После того как девственницы, наконец, угомонились, а кое-кто из солдат, высунув нос из-под пледов, принялся хлестать пиво, Рора монотонным шепотом стал мне рассказывать, как попал под начало Рэмбо. В те времена он еще верил в возможность мирного сосуществования населяющих Боснию народов, обожал Сараево и хотел защитить его от четников. Он запросто мог уехать в Милан или Стокгольм, да куда угодно, но вместо этого пошел добровольцем в отряд Рэмбо: в начале войны не существовало еще боснийской национальной армии, так что на защиту родины поднялись те, у кого было оружие. Рора давно знал Рэмбо и Бено. Прежде чем вступить в борьбу с сербскими захватчиками и проливать кровь на полях сражений, они решили поживиться чужим добром в городе, из которого испарились за одну ночь закон и порядок. Рэмбо называл это реквизицией, но это были чистой воды грабеж и разбой. «Я могу иногда что-то свистнуть, но как порядочный человек соседей не обворовываю», — заметил Рора. Он рассказывал мне про первые недели войны, про убийства и загадочные исчезновения людей; в его горьком рассказе проскальзывали имена наших общих знакомых: Аид погиб от пули четника, Лазо схватили по приказу Цацо [6] и перерезали ему горло, Мирсаду вышибло мозги шрапнелью… Но, к моему глубочайшему стыду, я уснул. Как ни старался держаться, даже больно щипал себя под пледом, ничего не помогало — глаза сами закрылись. Мне привиделось, что я сплю и одновременно бодрствую: в моем сне голые солдаты и девственницы покупали продукты в супермаркете, хором распевая детские песенки про Христа; их сменили Аид, Лазо, Мирсад и еще какие-то, неизвестные мне люди, скандирующие по-английски: «Хойди-хоть, хайди-хать, не хотим умирать…»

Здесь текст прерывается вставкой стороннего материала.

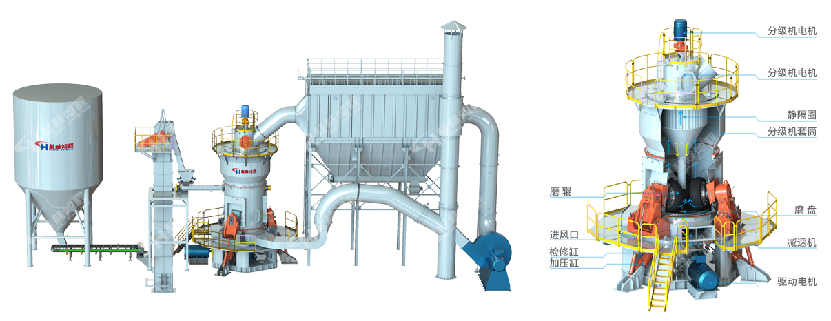 水泥生料立磨結構由立磨主機、存料罐體、皮帶輸送機,定量給料機,料斗、液壓站結構、送風管結構和脈沖除塵裝置構成。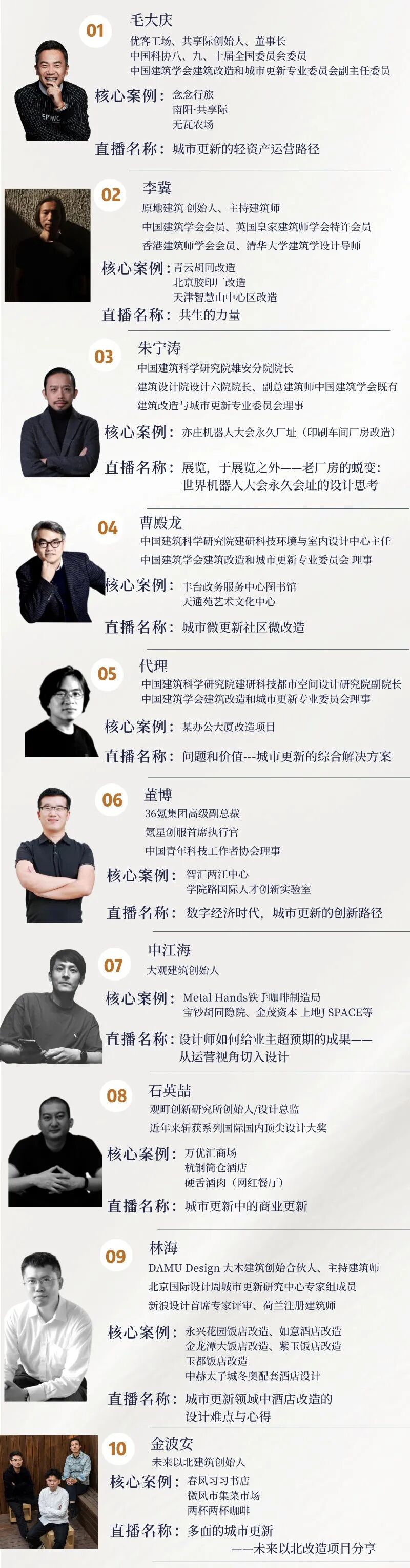 10位专家全案例分享,每周2次直播,从城市更新的不同建筑改造方向讲解策划及设计相关内容,专家简介及直播和核心案例名称如下所示:(专家排名不分先后)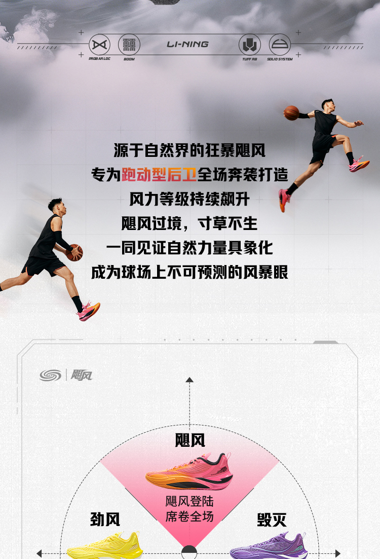 Li-Ning Hurricane | Low-Top Basketball Shoes for Men, New Model, Supportive, Stable, Breathable, Non-Slip, Wear-Resistant, Supportive, Practical Sports Shoes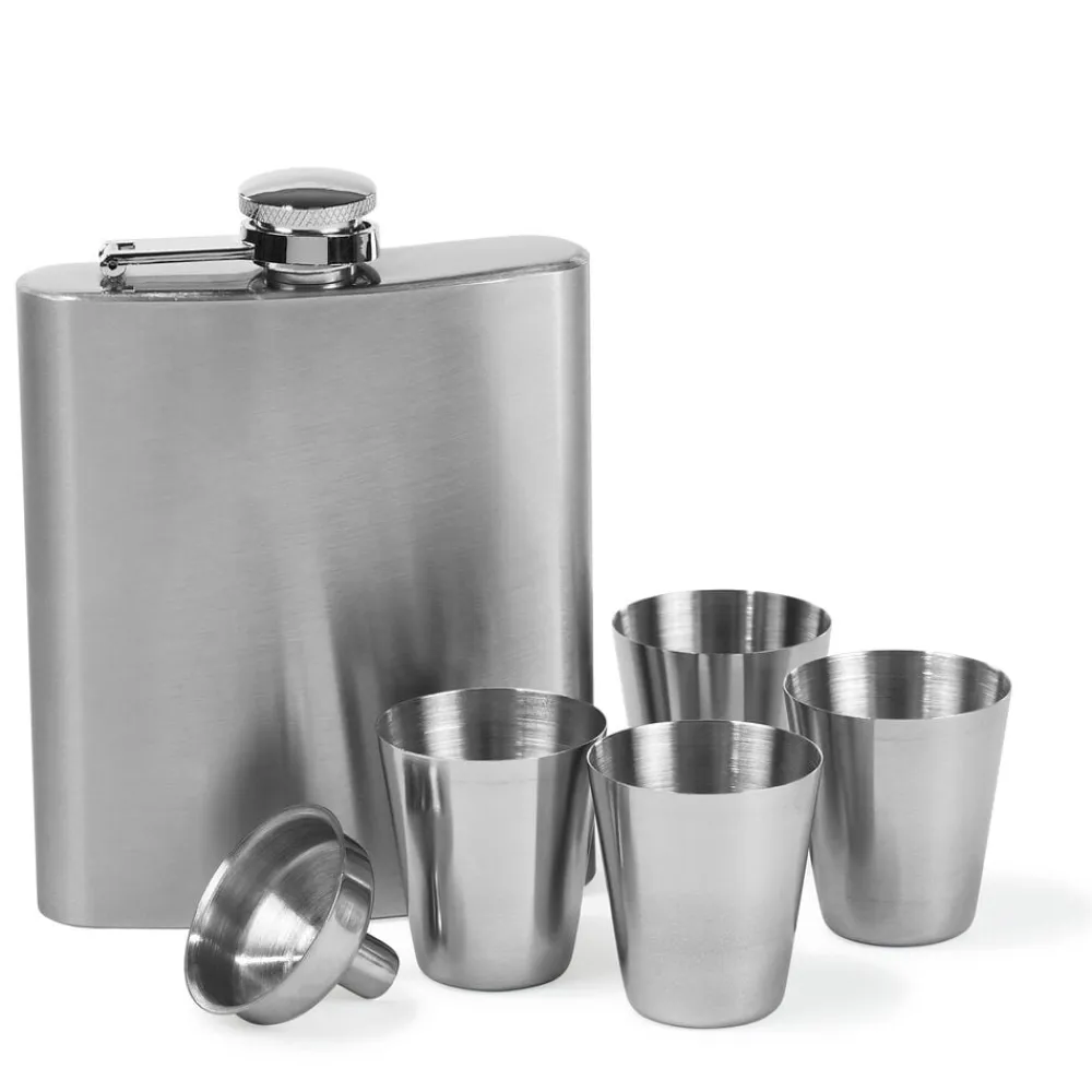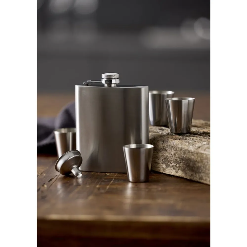 Funktionelt lommelærkesæt i 6 dele i 18/10 rustfrit stål med mat finish. Lommelærken passer perfekt til jakkens inderlomme på jagt- eller skovturen. Sættet indeholder lommelærke 200 ml, 4 drikkebægre 30 ml og praktisk tragt til påfyldning af flasken.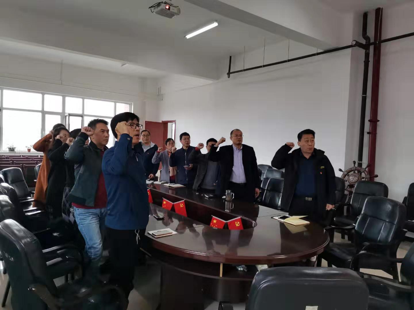 10月15日上午,beat365官方网站机关党支部在机械楼403会议室举办了“我和我的祖国”主题党日活动,庆祝中华人民共和国成立70周年。全体党员手持“五星红旗”,佩戴党员徽章,共赞祖国,共唱国歌,重温入党誓词,并集体观看了«开国大典»经典影片,共同追忆伟大的历史时刻。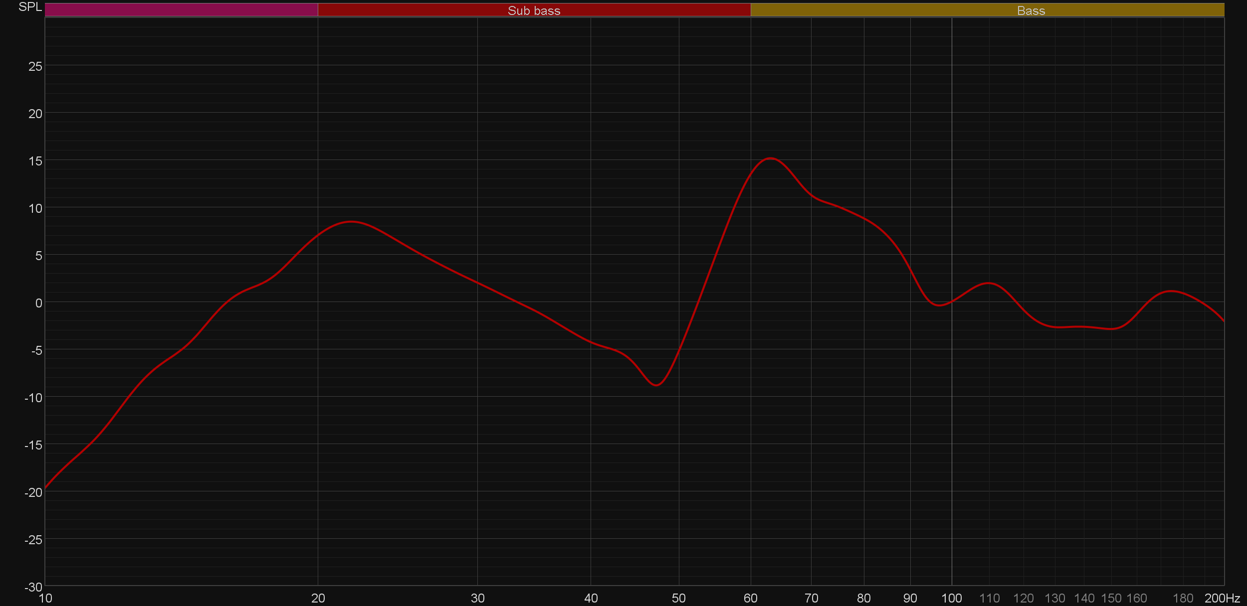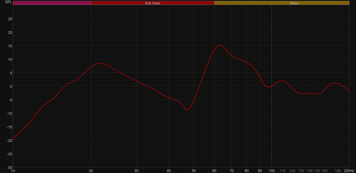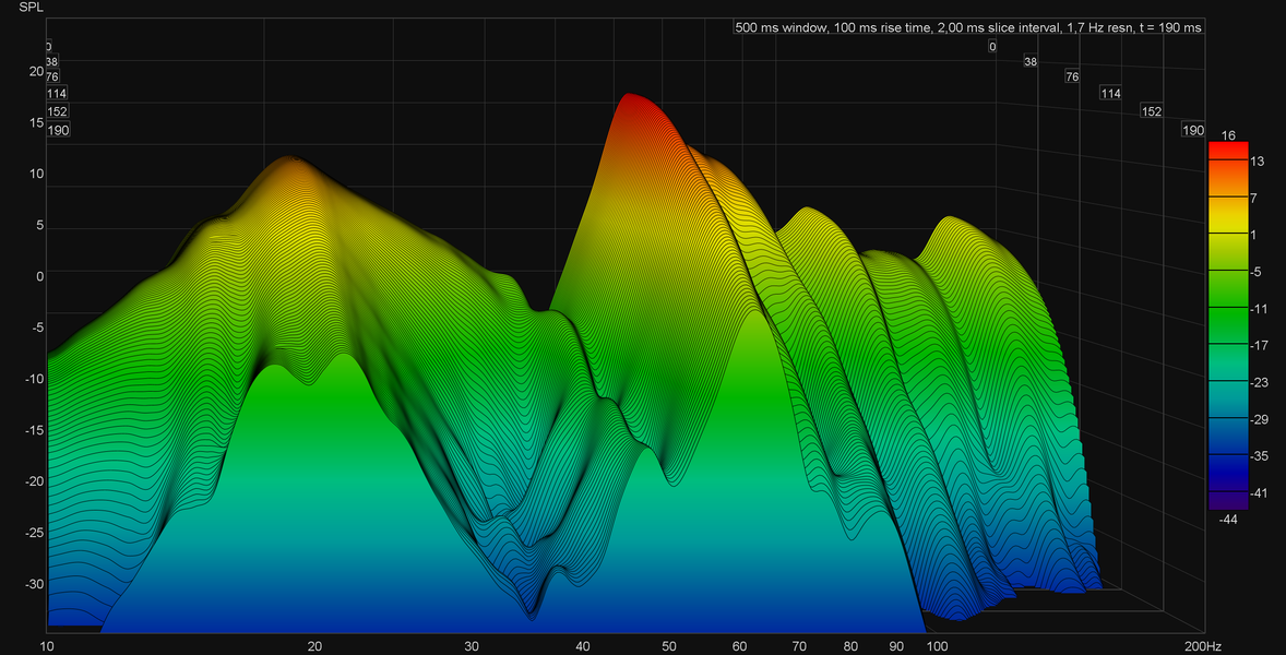 Заявлено, что звучать сабвуфер начинает от 15 Гц — где-то так и получается, но полной эффективности он достигает примерно к 45 Гц. На графике кумулятивного затухания спектра (он же «водопад» или waterfall) хорошо видны пики, показывающие нам «гудение» в районе 20 и 65 Гц. Частично этот эффект может быть вызван внутренними резонансами корпуса, возникающими даже вопреки действительно хорошему акустическому демпфированию. Ну а вот вторым пиком мы с большой долей вероятности обязаны не самому удачному размещению.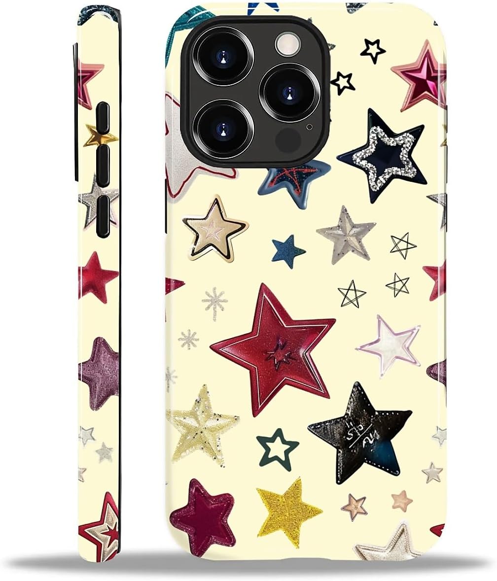 for iPhone 15 Pro Case [Compatible with Magsafe] Pattern Design for Women Girls Hybrid 2 Layer Hard Shell Silicone Protective Magnetic Cover,C Aesthetic Color Stars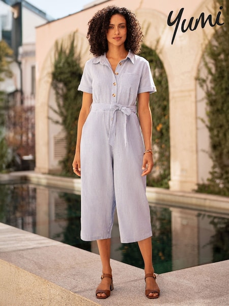 White Stuff Denim Blue Viola Linen Dungaree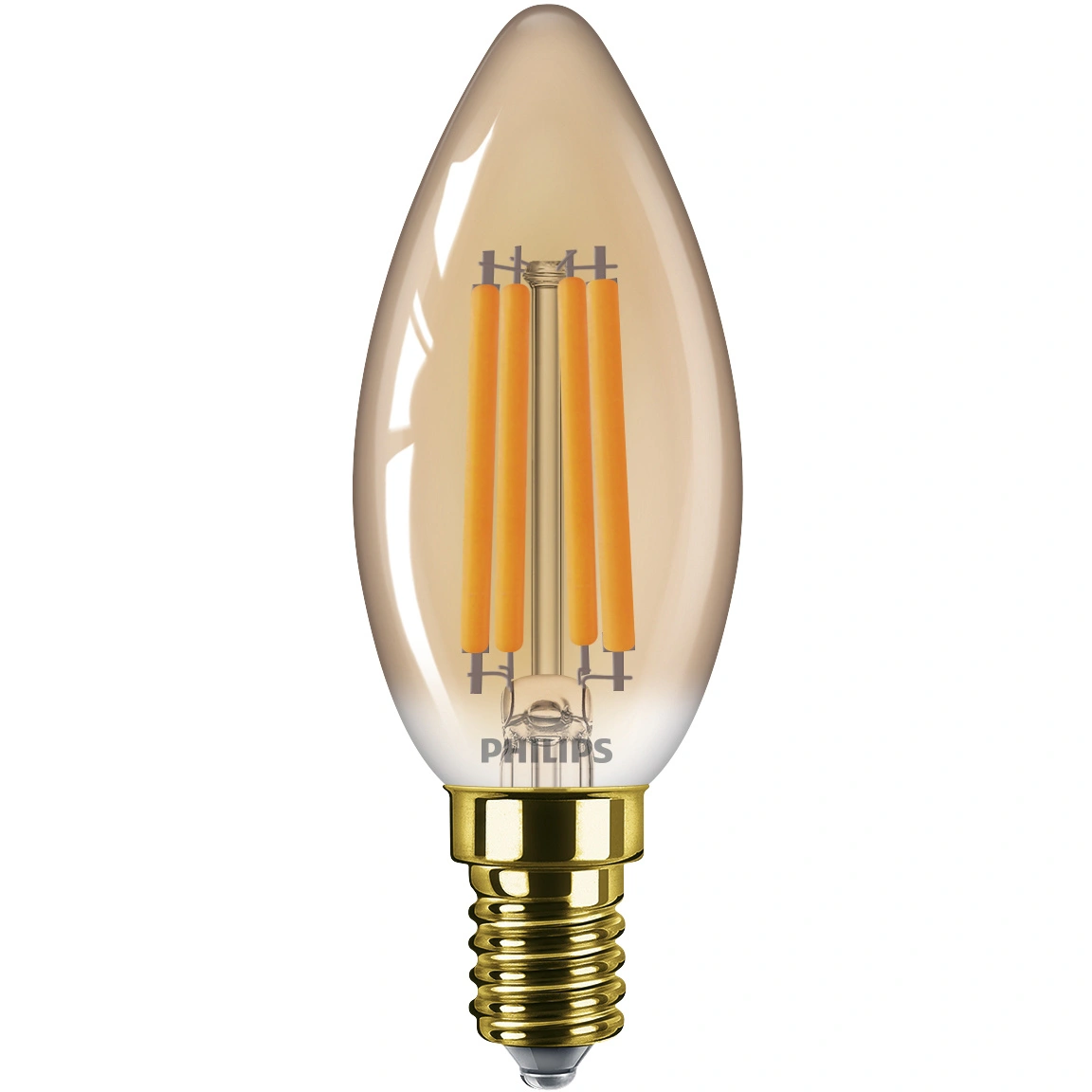LED žárovka na svíčku E14 B35 6W = 40W 470lm 1800K Teplá bílá vlákno jantarové PHILIPS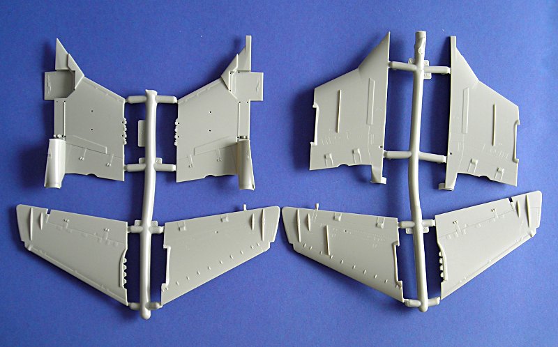 Das Cockpit ist gut einsehbar und ansprechend gestaltet. Aires wird bald auch einen Detailsatz dafür heraus bringen, so dass man sich hier auch noch weiter austoben kann. Die Außenlasten beschränken sich auf 2 Tanks und 3 Elokabehälter sowie eine AGM-88 HARM. Highlight und angesichts der Größe durchaus willkommenes Detail des Bausatzes ist der Faltmechanismus des Flügels.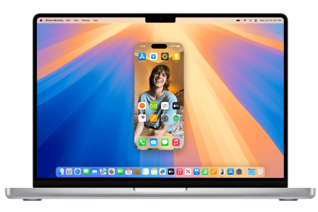 iPhone Mirroring puts your iPhone screen directly on your Mac, letting you control everything from your computer. This includes making and receiving FaceTime calls and controlling all your apps. Notifications for both devices are visible on your Mac and you can move files between them via simple drag and drop.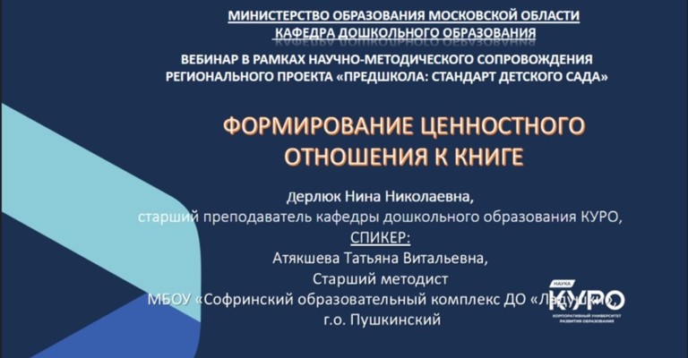 18 сентября 2025 года в рамках научно-методического сопровождения проекта Министерства образования Московской области «Предшкола: стандарт детского сада» состоялся вебинар «Формирование ценностного отношения к книге»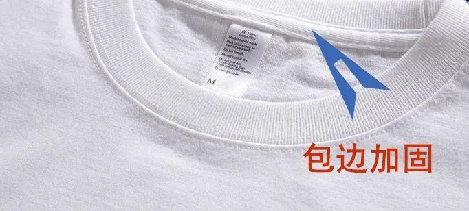 一定要选择这种领口紧凑、有一定硬度的织带,以及领口内侧箭头指向的地方,有包边和加固处理,这样的T恤领口才能经得起时间和搓洗,而不轻易变形。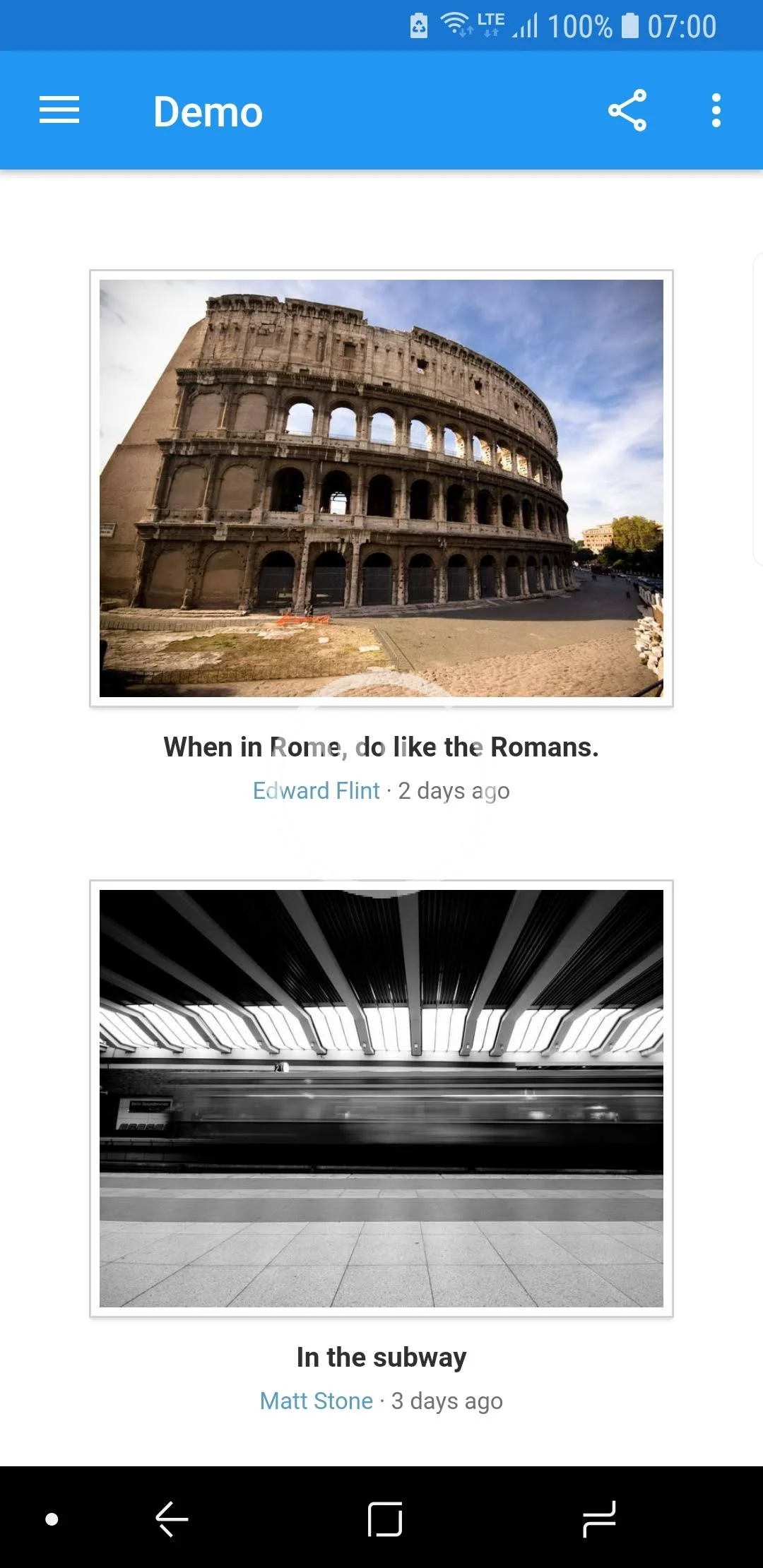 More screen space with the hideable toolbar. This familiar navigation pattern can also be seen in Chrome for Android. Scroll down to hide the toolbar and scroll up to show it! - Pull-to-refresh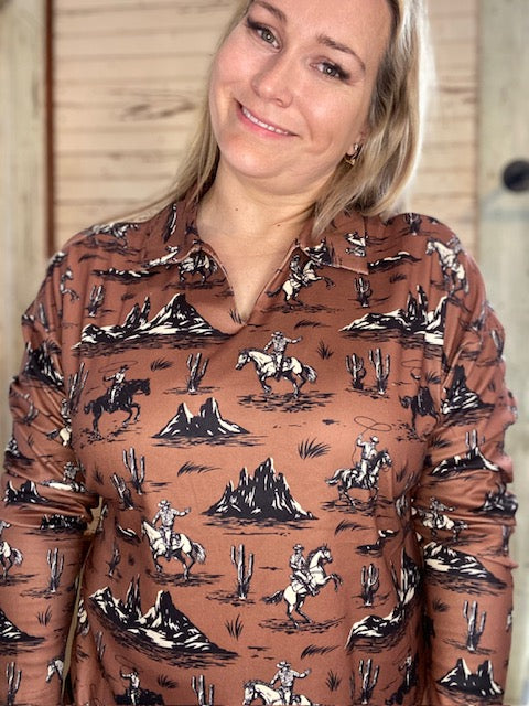 Experience the freedom of the desert with our Burn the Breeze Top. The V-neck design adds a touch of femininity while its southwest-inspired print embodies the spirit of adventure.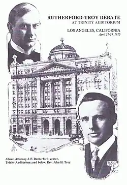 Przez następne 12 lat począwszy od roku 1903 współpracownicy Russella przyjmowali podobne wyzwania, choć ich przeciwnicy religijni często rezygnowali lub się wycofywali[n]. W kwietniu 1915 roku J.F. Rutherford przyjął wyzwanie baptystów reprezentowanych przez Johna H. Troya[50]. Dyskusja ta odbyła się w dniach od 21 do 24 kwietnia 1915 roku w Trinity Auditorium w Los Angeles na oczach 12 tysięcy widzów, przy czym dla około 10 tysięcy osób zabrakło miejsc.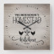 A classic design of faux wood grain with your family's homestead name personalized, with cute silhouettes of common kitchen utensils and chickens.

Весь полет из Германии на Украину я тоже проспал и по- настоящему очухался только во Львове, выйдя из аэропорта, когда боковое зеркало проезжающего мимо грузовика шарахнуло меня по голове — я, получается, стоял слишком близко к обочине. «Доброе утро, господин писатель!» — приветствовала меня родина предков. Рора потрогал мою щеку, осмотрел место ушиба и покачал головой. Я так и не понял: то ли мне посочувствовал, то ли посмеялся в душе, что я такой растяпа.
Мы взяли такси и отправились в третьеразрядную гостиницу с громким названием «Гранд-Отель». На своем допотопном украинском я смог кое-как, заглядывая в словарик, договориться с водителем о цене. Автомобиль оказался старой «волгой», от него за версту несло дизельным топливом и прежними, еще советскими, временами. Мы долго кружили по городу; казалось, некоторые улицы проезжали по несколько раз — никогда не поверю, что во Львове есть три казино с одинаковыми вывесками! У водителя была квадратная голова и небритая шея, а остатки полуседых волос были зачесаны по кругу на лысину, отчего затылок напоминал изображение тропического урагана, сфотографированного из космоса. Жаль, что Рора его не снял — в машине было слишком темно. Рора, оказывается, решил, не посоветовавшись со мной, оставить вспышку дома. «Вспышка нужна только на похоронах и на свадьбах, — заявил он. — Что надо, я и так сниму».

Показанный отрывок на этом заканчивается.